Enhanced Platform Awareness (EPA) is a compilation of multiple features that allow efficient utilization of the underlying platform capabilities when deploying deterministic applications. Enhanced Platform Awareness methodology permit to create systems suitable to run platforms like Network Function Virtualization (NFV) and other latency-sensitive environments.

Then, the main focus of EPA is to provide deterministic application performance and comprehends, among others:

  • HugePages usage
  • CPU Pinning
  • NUMA topology awareness
  • SRIOV
  • DPDK
  • Real Time Kernel

Over the last year, more and more latency-sensitive workloads need to be running on OpenShift, so this kind of configuration will be common. You can find how to setup these features in the official OpenShift documentation but sadly all pieces are spread in multiple sections and even some parts are being missed, such isolating CPUs. This series of posts will review how to configure end-to-end EPA support in OpenShift 4 (4.4.4 in this case).

In this Series of Posts we will see how to configure each feature separately but there is a new method to configure all the EPA features based on an operator that will make this configuration much easier, we probably will review this method at the end of these Posts.

I said easier, not because configuring the EPA features is difficult, but because we will be able to do it all at once from a single place. This time we are going to use the current methodology to configure these features one by one, although you can do multiple steps at once since some configurations are made on the same resource objects.

In this first post of the EPA series, I will cover HugePages configuration. If you want to review other parts, go directly to:

Before We Begin, Do you need an EPA “role”?

In the examples shown in these posts, you will see that we configure EPA features in the “worker” role, which means that all nodes will be reconfigured.

In case that you want to deploy a mixed environment (EPA and non-EPA worker nodes) it will be better to create a new role (including all the required labels) by adding either a new machineSet (if you can use Machine API) following the same procedure than the used to create “infra nodes”, or the machineconfigpool and machineconfigs objects manually if you cannot use machineSets.

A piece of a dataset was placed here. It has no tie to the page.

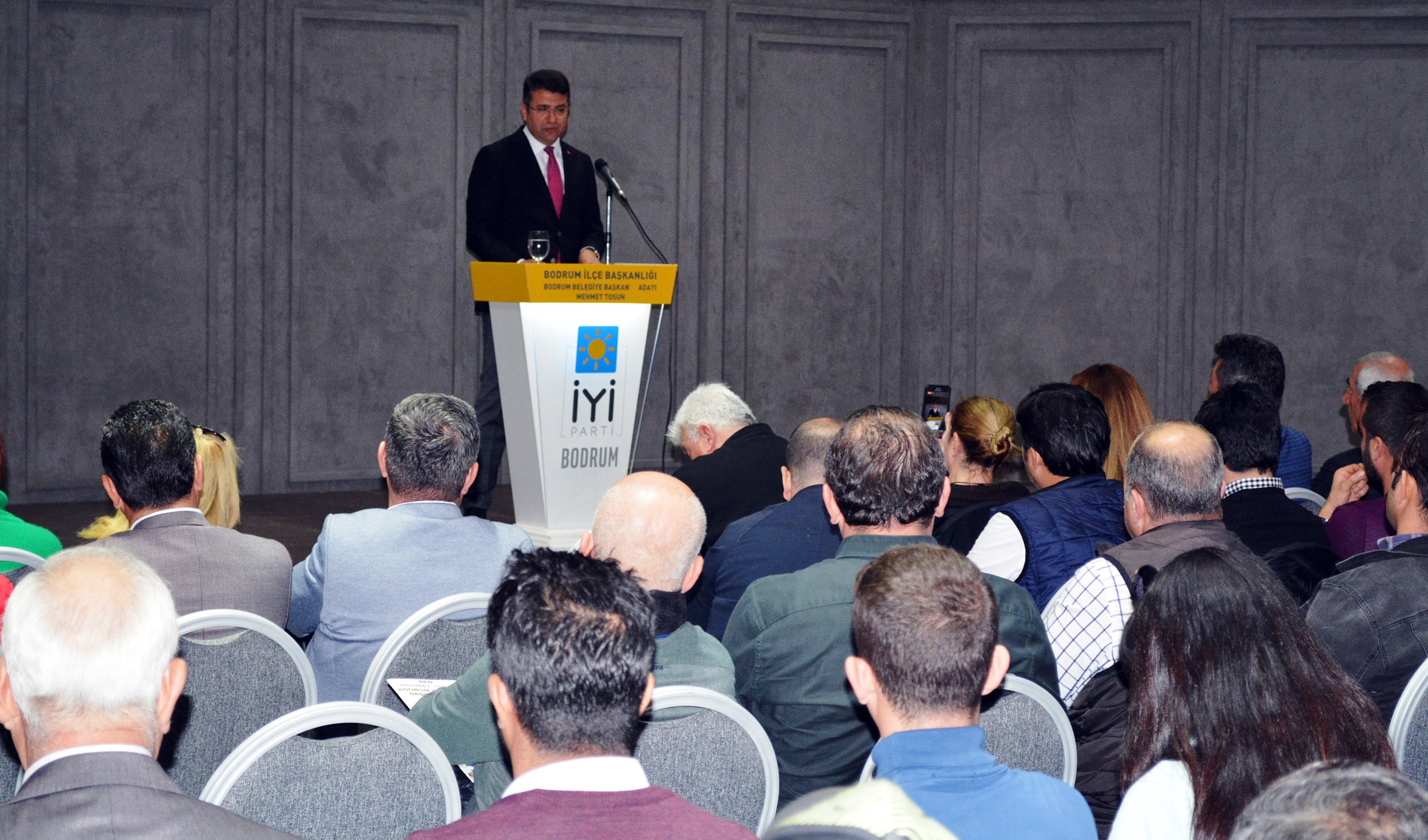 “Bu biriktirmiş olduğumuz sorunları da tarihin çöplüğünde geri bırakacağız. Bu azim ve kararlılıkla gece gündüz çalışıyoruz, proje üretiyoruz. Bugün aramızda, Bodrum’un bir dönem Kaymakamlığını yapmış, sonra Vali Yardımcılığı görevlerinde bulunmuş ve oradaki görevlerinde turizm konusunda görev ifa etmiş, aynı zamanda Turizm Tanıtma Genel Müdürlüğü yapmış Cumhur Güven Taşbaşı var. Bakın Ortakent Yahşi’mizin son dönem belediye başkanı, bir turizmci, İYİ Parti’nin kurucu başkanı benimde siyaset yapmaktan son derece keyif aldığım kardeşim diye söylediğim Mehmet Onur Şahbaz var. Yine Bodrum merkeze indiğimizde özellikle kış aylarında mekanlarını açık tutabilmek için canı gönülden uğraşan, bir çok sivil toplum kuruluşunda yönetici olarak görev alan, eğlence sektöründeki arkadaşımız Sayın Atilla Serttaş var. Bu sunumu yapan ve turizm konusunda bundan sonraki projelerimizde hep yanımızda olacak olan profesyonel olarak bu işi yapan Serdal Sarıl arkadaşımız var. Yine deniz turizmiyle uğraşan, günübirlik ve mavi yolculukta tekneleri olan Kumbahçeli Volkan Çiçek var. Gençlik kollarımızdan meclisimize aday olan, genç bir kızımız hanımefendi Yudum Ergün var. Saygıdeğer hemşehrilerim biz turizme o kadar önem veriyoruz ki Mehmet Tosun ve ekibindeki turizmci sayısı başka siyasi partide yok. Biz sizi önemsiyoruz, siz bizim için önemlisiniz.”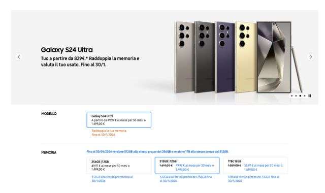 Ad esempio, puoi acquistare il modello Galaxy S24 da 512GB allo stesso prezzo della variante del 256GB: e con lo sconto da 100 euro capisci che diventa ancora più conveniente.

An example using a machineSet (for OpenStack in this case) could be the one shown below. Pay special attention to the labels, where we indicate that we have a new role (node-role.kubernetes.io/worker-epa: “”) and where we indicate the labels that will be using during the EPA features configuration (hugepages-1g: “true” and cpumanager: “true”)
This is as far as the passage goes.